Leave out all pictures and retype exactly the lines from the one with "ステッチしたラインから2目分あけた内側にまた四角く刺していくのですが……" through the last line of the material.

Data section
###

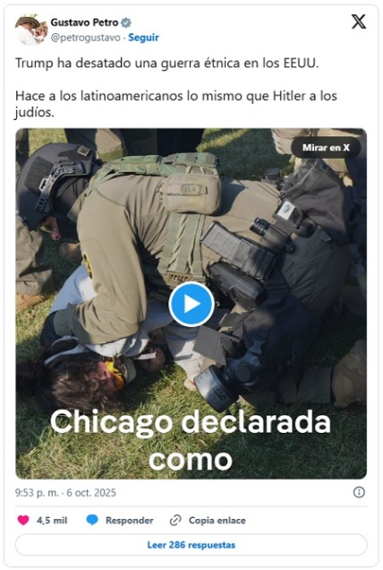 El presidente de Colombia, Gustavo Petro, acusó el lunes al mandatario estadounidense, Donald Trump, de desatar una guerra étnica contra migrantes latinoamericanos tras el despliegue de soldados de la Guardia Nacional en la ciudad de Chicago, enviados para reprimir las protestas contra las redadas migratorias.
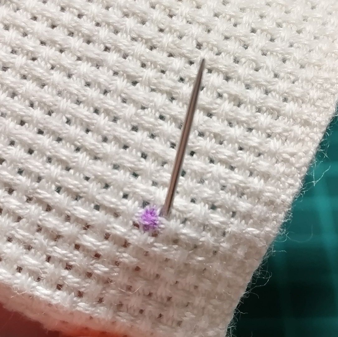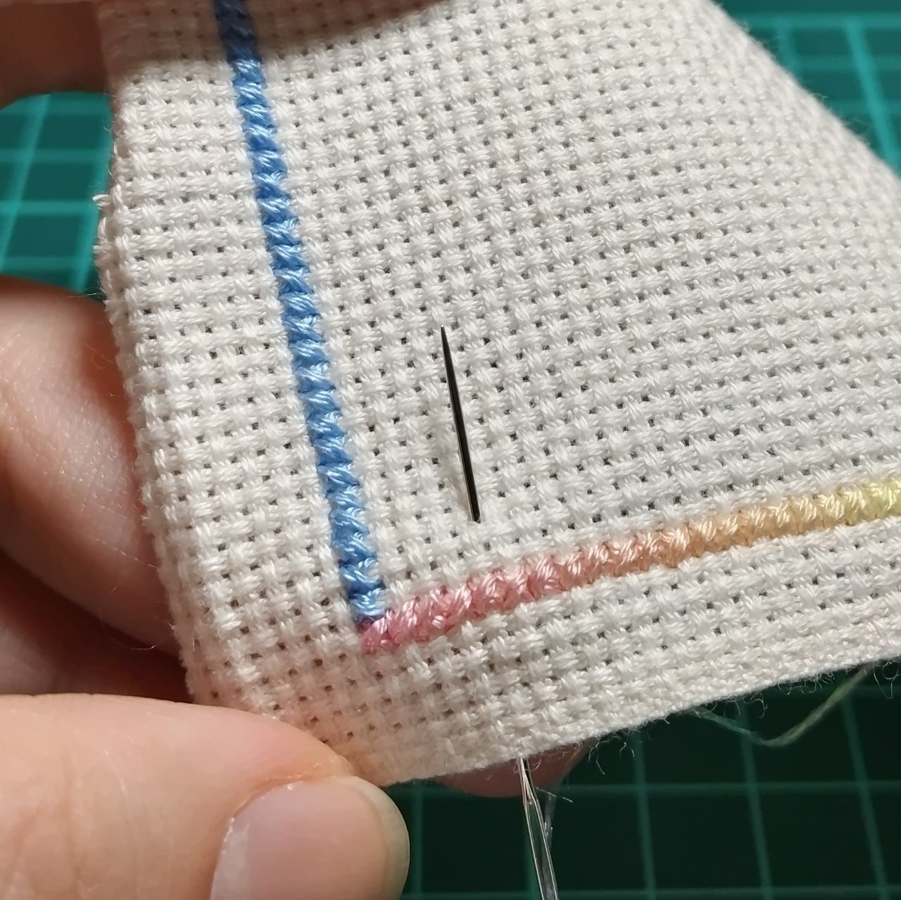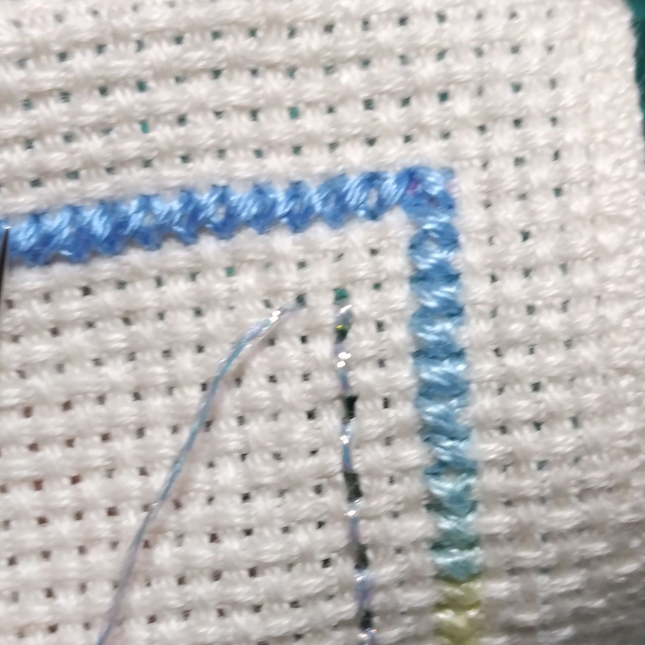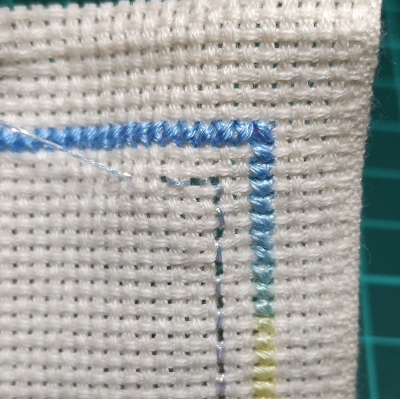 ステッチしたラインから2目分あけた内側にまた四角く刺していくのですが……
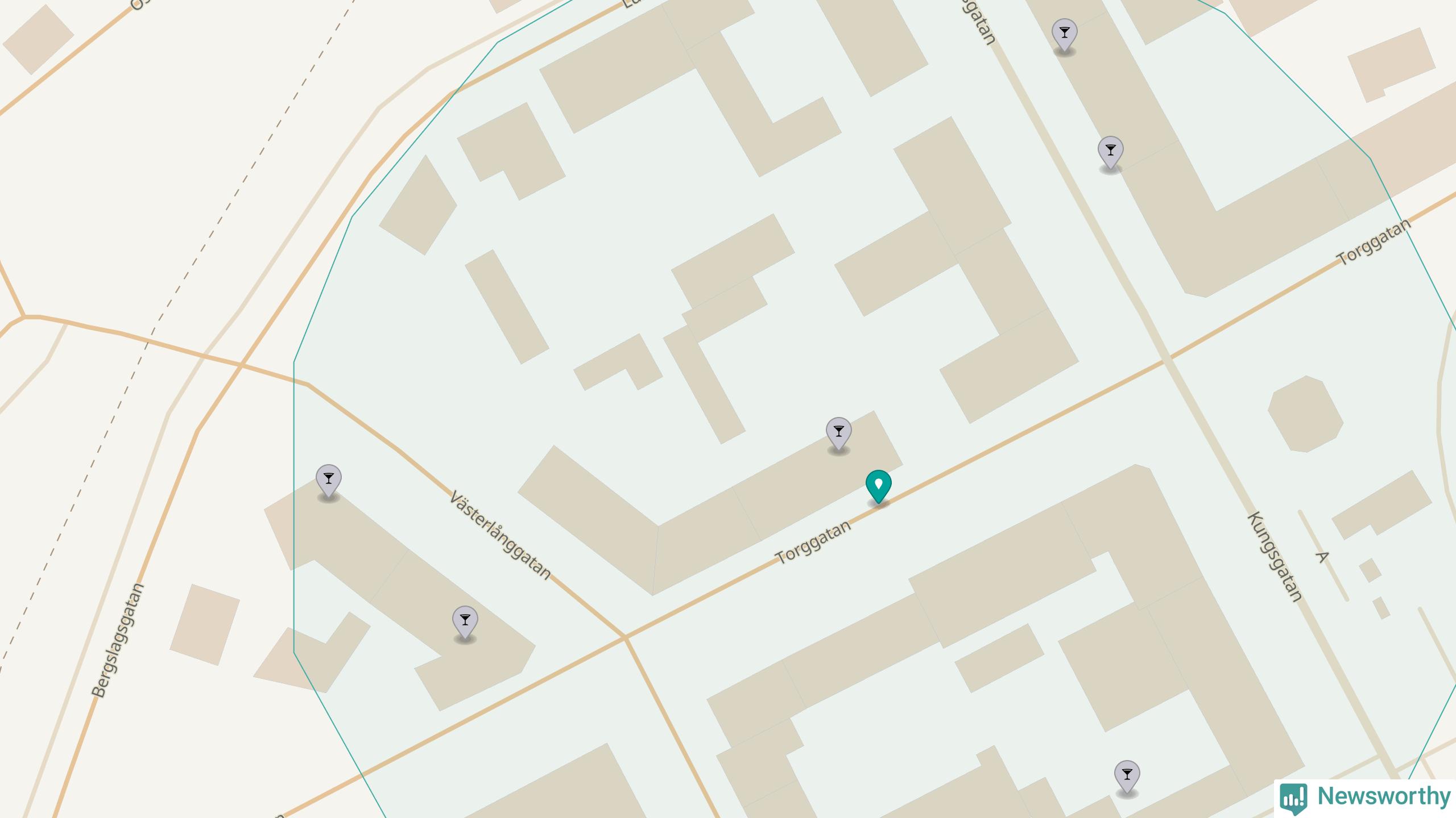 Om du står på Torggatan har du sex krogar, restauranger eller hotell med serveringstillstånd inom en radie på 100 meter. Det är den krogtätaste platsen i Åmåls kommun.

###

Result
 ステッチしたラインから2目分あけた内側にまた四角く刺していくのですが……
 Om du står på Torggatan har du sex krogar, restauranger eller hotell med serveringstillstånd inom en radie på 100 meter. Det är den krogtätaste platsen i Åmåls kommun.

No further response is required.